While the filtering effect of the macular carotenoids may significantly reduce light-induced photodamage of the underlying retinal tissue, this protection cannot be total as some high-energy photons will always get through (and indeed, not all of the blue light should be filtered out as otherwise this would itself impair colour vision). It therefore seems likely that the focussing of light at the macula, and particularly the central fovea, will inevitably lead to some unwanted photochemical reactions occurring. The specific uptake of lutein and zeaxanthin by the macula, to the exclusion of other dietary carotenoids [6], should probably be interpreted with this in mind. Indeed, the specific role of both carotenoids in a number of (photo)protective mechanisms in nature has already been revealed. As for most carotenoid molecules, they are efficient scavengers of reactive oxygen species [7], but, more specifically, both zeaxanthin and lutein are at the basis of the major mechanisms protecting plants against light stress–quenching of chlorophyll singlets [8,9] and triplets [10], and preventing lipid peroxidation [11].

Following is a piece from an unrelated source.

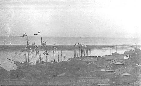 大漁旗を掲げて旧正月のお祝いでしょうか、向こうに見えるのは大浜の砂防です。

The protective roles of carotenoids in photosynthetic tissues are enhanced by the binding of these pigments to protein hosts [12]. This is thought to be due to a number of factors–the need to hold the carotenoid at a specific distance and orientation relative to the quenched “substrate” (e.g. triplet chlorophyll); the prevention of carotenoid degradation upon its elevation to a higher energy level (often occurring through isomer formation); and the possibilities that protein-binding present for tuning of the protective function. It is therefore of interest, when considering the possible protective roles of the macular pigment, that a number of recent studies have indicated that these carotenoids are also bound by specific host proteins within the retinal tissue [13], and evidence has been presented that the binding of zeaxanthin does indeed enhance its anti-oxidant function [14]. It is thought that the same macular proteins mediate the retinal capture of these carotenoids from serum lipoproteins [15,16].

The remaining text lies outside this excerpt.